Flutes have always been expensive instruments and require some care, but it wasn’t just those with money and aspirations who played the flute. Information is scant, but much can be inferred. Lower class examples such as weaver poet Robert Tannahill (Paisley) and pedlar poet William Nicholson (Kirkudbright) suggest that there may have been another traditional and undocumented scene. I think that many of us can recognise this musical scene painted by Tannahill:

There is Rab, frae the south, with his fiddle and his flute;
I could sit list tae his strains still the starns fa out.
An we’re noddin, nid nid noddin,
We’re a noddin fu at e’en
— Robert Tannahill, The Five Frien’s

It is in this context that the music of Scotland began to be collected, organised and published, with the patronage of the landed classes, professionals, middle and merchant classes. The Flute in Scotland from the Sixteenth to the Eighteenth Century describes the music societies of Edinburgh and Aberdeen, and the teachers of Glasgow who organised concerts, where flutes featured naturally alongside violin and harpsichord.
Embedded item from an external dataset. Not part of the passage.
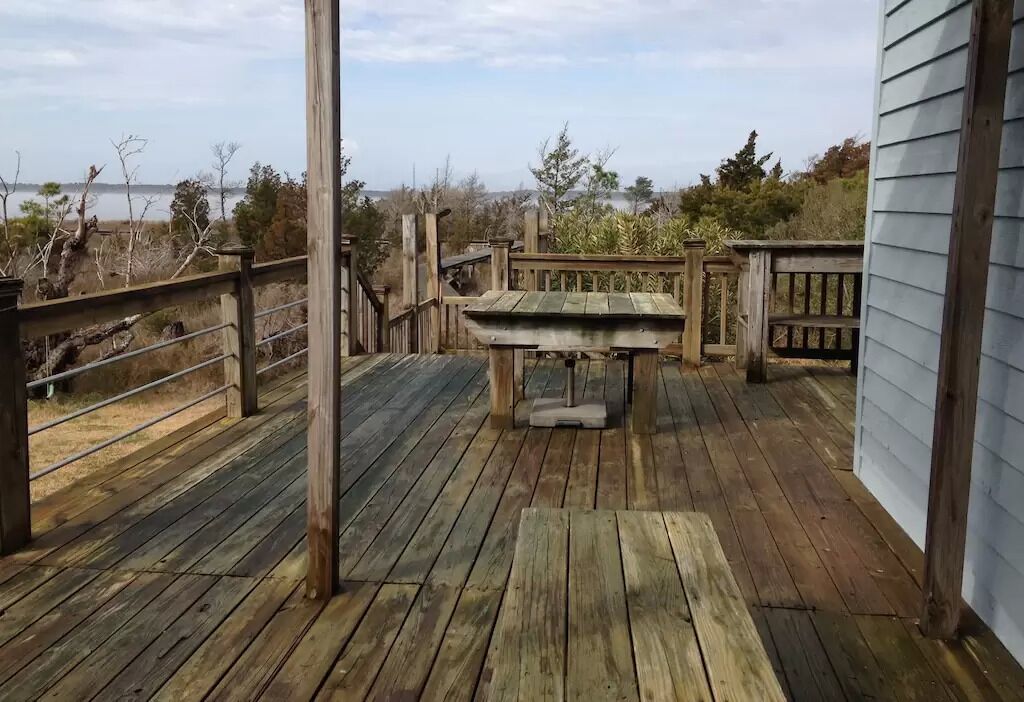 Family-Friendly Private Waterfront Getaway! 3 Bedroom, One Bath Waterfront Home On Nelson Bay (Core Sound)This sound-front home is perfect for the family who enjoys water activities such as swimming, fishing, kayaking, sailing, windsurfing or just relaxing while enjoying the spectacular waterfront view. The sound is shallow and kid-friendly and an ideal site for learning to swim and frolic in the water. For a couple, it's ideal for a peaceful, private get-away.Private sandy beach, shallow water dock suitable for smaller boat, excellent fishing and crabbing right off the dock. Crab pots provided no license needed in NC for a crab pot tied to your private dock.There is a nearby boat launch. Unspoiled beaches can be reached by a boat ride across Core Sound or by car on Cedar Island, 8 miles away. Ferry's are available in Atlantic or Cedar Island for day trips to local beaches as well as Okracoke Island (a fun day trip-take bikes).Outstanding cuisine can be enjoyed 30 miles away in historic Beaufort.

Dr Ford also provides us with a tantalising glimpse of flute makers active in Scotland: James Lily (no surviving flutes but active 1708), Urquhart (his one surviving example is the earliest Scottish flute and can be seen here, probably first name Alexander and active as a maker and writer 1726; he was the first translator of Hotteterre into English), John Mitchell Rose (of Rudall and Rose fame), Thomas McBean Glen (no examples, but listed as a maker of bagpipes and flutes 1833).

John Gunn was one of many new names to me and to my mind should be more widely celebrated as an influential teacher and author of flute theory books. The first to attempt a scientific description of tone production and method while discussing style and expression, he bridges the worlds between single keyed and 8-keyed instruments and surely stands alongside Hotteterre and Quantz in his contribution to the instrument. From a traditional musician’s point of view the discussion of the changes in ornament styles is of particular interest.

Once exposed, all of this activity reveals a compelling argument for the flute being rightfully part of Scottish musical heritage. The reason it has been long forgotten while other instruments and repertoires have been celebrated in Scotland remains an unanswered question. A crux seems to be the formulation of cultural symbols for Scotland in the 19th Century. Dr. Ford ponders on the associations of “German” flute (as the transverse flute was known) with the Hanovarians at a time when Jacobitism was being safely romanticised. That is an area for further study, but The Flute in Scotland from the Sixteenth to the Eighteenth Century lays a welcome firm foundation for future investigations.